##### Records shown #####

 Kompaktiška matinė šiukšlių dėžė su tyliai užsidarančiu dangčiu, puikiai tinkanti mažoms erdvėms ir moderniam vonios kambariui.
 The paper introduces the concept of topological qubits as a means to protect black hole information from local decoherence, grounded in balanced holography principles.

#####
##### Records shown #####

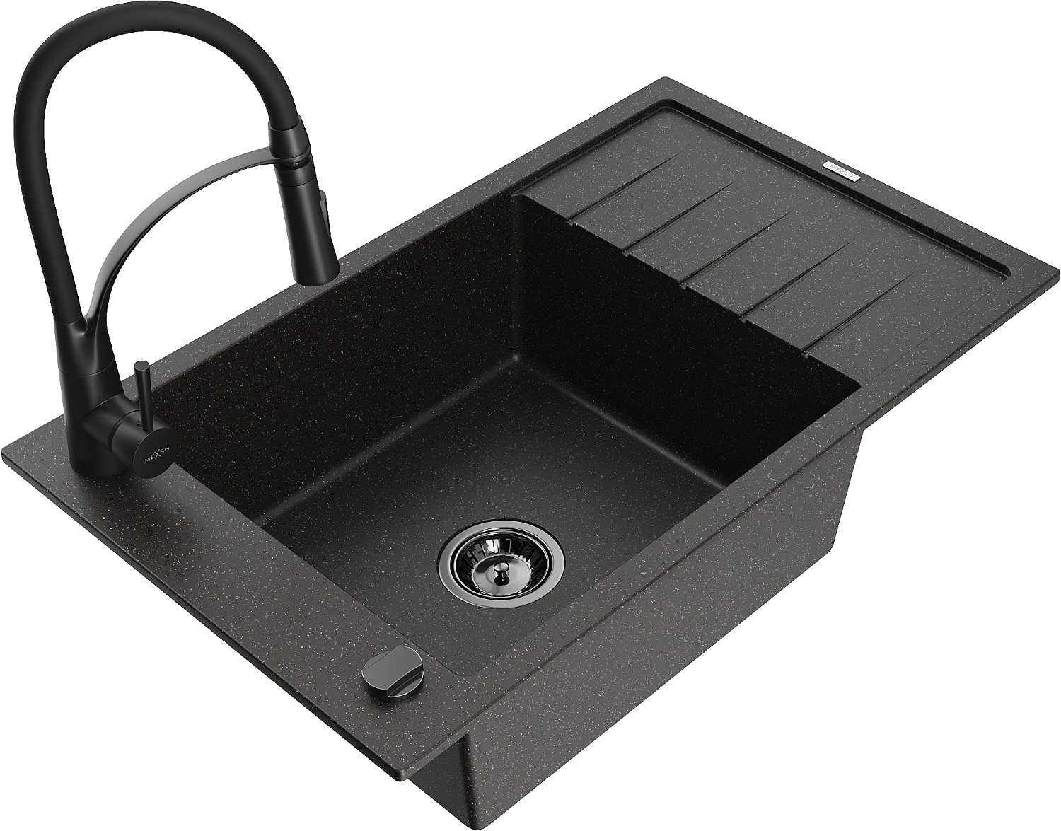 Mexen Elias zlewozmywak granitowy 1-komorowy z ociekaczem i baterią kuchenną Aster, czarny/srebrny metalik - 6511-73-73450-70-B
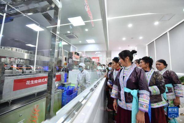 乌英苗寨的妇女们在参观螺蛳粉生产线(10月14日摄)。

#####
##### Records shown #####

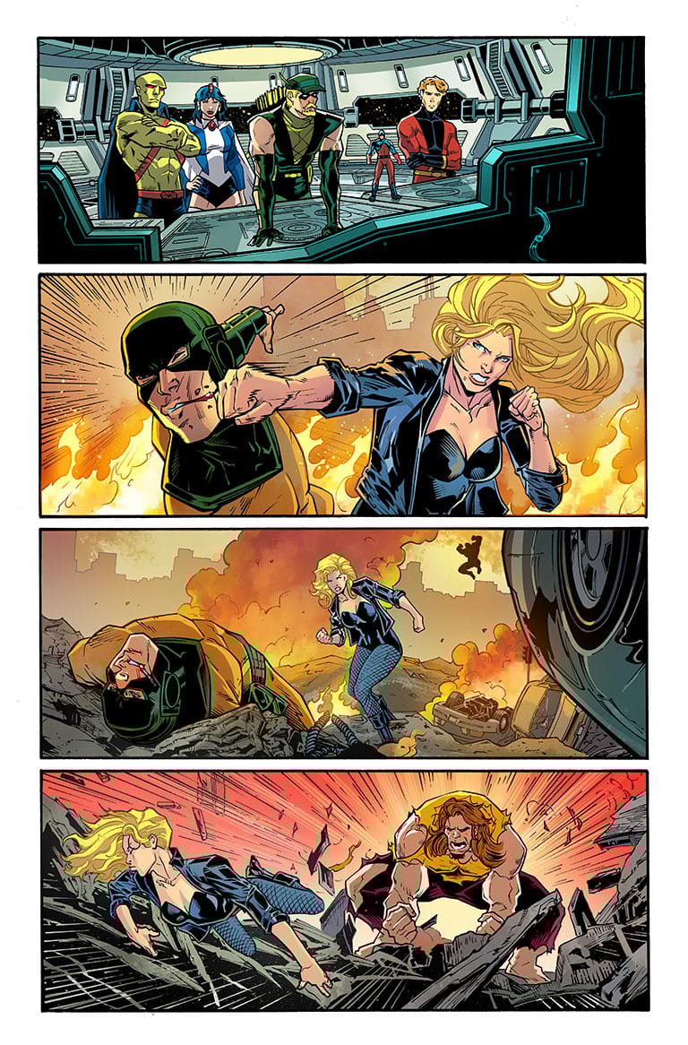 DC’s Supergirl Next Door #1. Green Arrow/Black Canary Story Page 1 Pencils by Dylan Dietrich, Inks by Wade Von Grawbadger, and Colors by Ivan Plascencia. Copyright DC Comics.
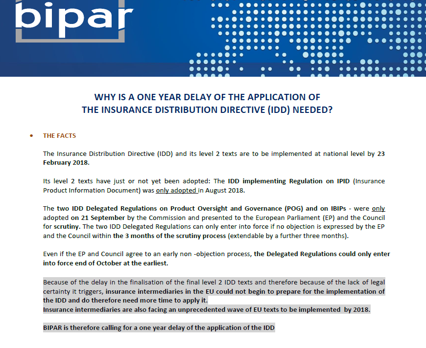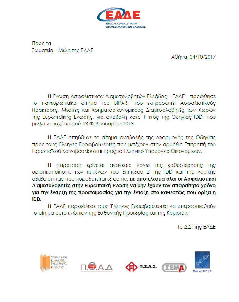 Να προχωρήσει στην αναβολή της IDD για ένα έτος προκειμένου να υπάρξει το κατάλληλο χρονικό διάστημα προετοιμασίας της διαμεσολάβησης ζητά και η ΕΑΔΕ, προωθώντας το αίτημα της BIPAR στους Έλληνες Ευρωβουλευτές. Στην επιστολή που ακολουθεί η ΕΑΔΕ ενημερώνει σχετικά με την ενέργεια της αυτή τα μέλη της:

#####

> **Exercise requirements**: Up in the listing, locate the line with "Mexen Elias zlewozmywak"; print it and every line after it down to the line with "乌英苗寨的妇女们在参观螺蛳粉生产线(10月14日摄)。", which is included too. Skip the pictures.

> **Solution to this problem**:
 Mexen Elias zlewozmywak granitowy 1-komorowy z ociekaczem i baterią kuchenną Aster, czarny/srebrny metalik - 6511-73-73450-70-B
 乌英苗寨的妇女们在参观螺蛳粉生产线(10月14日摄)。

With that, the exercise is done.